Mispairing Example due to Tautomerization

  • Sequence Example:

    • A mispair can occur during replication resulting in one mutant and one wild-type strand.

    • Parent strands: 5' AGTCAATAG 3' and 3' TCAGTTATC 5'

    • After replication, the first generation shows a replication error: 3' TCAGCTATC 5' and 5' AGTCAATAG 3'.

    • Illustration of Mispairing and Replication Errors (Fig 12-2)

Strand Slippage

Trinucleotide Repeat Expansion

  • Occurs during DNA replication leading to expansions of repeats, linked to inherited diseases.

  • Normal DNA Replication Example:

    • Example sequence: 5' GTC GTC GTC GTC 3' and 3' CAG CAG CAG CAG CAG CAG 5' while experiencing slips can lead to mutated sequences after replication.

    • Illustration of Slippage Effects (Fig 12-4)

    • Understanding of the connection between trinucleotide repeat expansions and diseases is encouraged, but specific disease names are not required to be memorized.

Chemical and Oxidative Damage

Implications of Chemical Instability

  • Deamination of Cytosine:

    • Converts Cytosine to Uracil.

    • Thymine is used in DNA instead of Uracil due to this risk; a repair system exists to remove Uracil from DNA.

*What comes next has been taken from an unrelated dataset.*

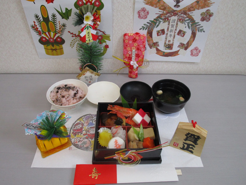 新年のお食事会を行いました。うま煮や海老、きんとんなど皆様に喜んで召し上がっていただきました。新年のご挨拶とともに皆様の健康を願ってのお祝い膳となりました。

    • Figure Reference: Fig 12-8

  • Depurination:

    • Hydrolysis of the N-glycosidic bond of purines leads to an “abasic” site, where no base exists.

    • Every cell has approximately 1,000 abasic sites at any moment.

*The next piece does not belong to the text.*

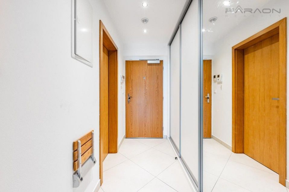 Supervision of safety and order is ensured by a non-stop reception with a camera system. Common areas are equipped with above-standard elevators, lighting with a motion sensor or luxurious large-format tiles and tiles. The apartment has an electronic security device with a touch control. Driveways, entrances and common areas have chip access, the apartment has a smoke detector. The entrance door to the apartment is secured by a domodoorbell with camera.

    • Figure Reference: Fig 12-9

Oxidative Damage Mechanism

  • Oxygen Usage:

    • Oxygen acts as a terminal electron acceptor producing water: ( O2 + 4H^+ \to 2H2O )

    • Side products (e.g., superoxide, hydroxyl radicals) from O2 metabolism can be highly toxic.

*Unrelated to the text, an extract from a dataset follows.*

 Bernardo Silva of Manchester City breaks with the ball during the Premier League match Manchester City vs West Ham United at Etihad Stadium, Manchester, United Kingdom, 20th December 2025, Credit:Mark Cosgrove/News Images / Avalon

  • Effects of Oxygen Radicals:

    • Can cause double-stranded and single-stranded breaks; they can also damage the deoxyribose ring, stalling replication at lesions.

Example of Modified Bases from Oxidation

  • Example: 8-oxoG

    • Can mispair with either C or A, showing altered base pairing properties.

    • Illustration Reference: Fig 12-11

Induced Mutations - Mutagens

Sources of Induced Mutations

  • Ultraviolet Light:

    • Leads to the formation of thymine dimers, which block replication.

  • Chemical Modification:

    • Alkylating agents (e.g. mustard gas, vinyl chloride, cigarette smoke) modify DNA, and may cause mispairing or replication blockage.

  • Ionizing Radiation:

    • Sources: X-rays and radiation.

    • Can cause direct damage (modified bases, single and double strand breaks) or indirect damage through generating reactive oxygen species.

  • Intercalating Agents:

    • Compounds such as ethidium bromide can cause frameshift mutations by stabilizing slipped strands allowing for base additions or deletions.

Ultraviolet Light and Thymine Dimers

  • Description: Thymine dimers occur as intrastrand links between two adjacent thymines, physically blocking replication.

    • Illustration Reference: Figs from Watson et al. Molecular Biology of the Gene, © 2014, Pearson Education

Ionizing Radiation Effects

  • Can cause:

    • Direct Damage: Modified bases, single and double-strand breaks

    • Indirect Damage: Creates reactive oxygen species which can harm DNA.

Intercalating Compounds

  • Function: They stabilize slipped strands, causing the polymerase to add or delete bases, contributing to frameshift mutations.

Examples of Intercalating Mutagens

  • Not required to memorize composition, but recognition of types of compounds that act as intercalating mutagens is necessary.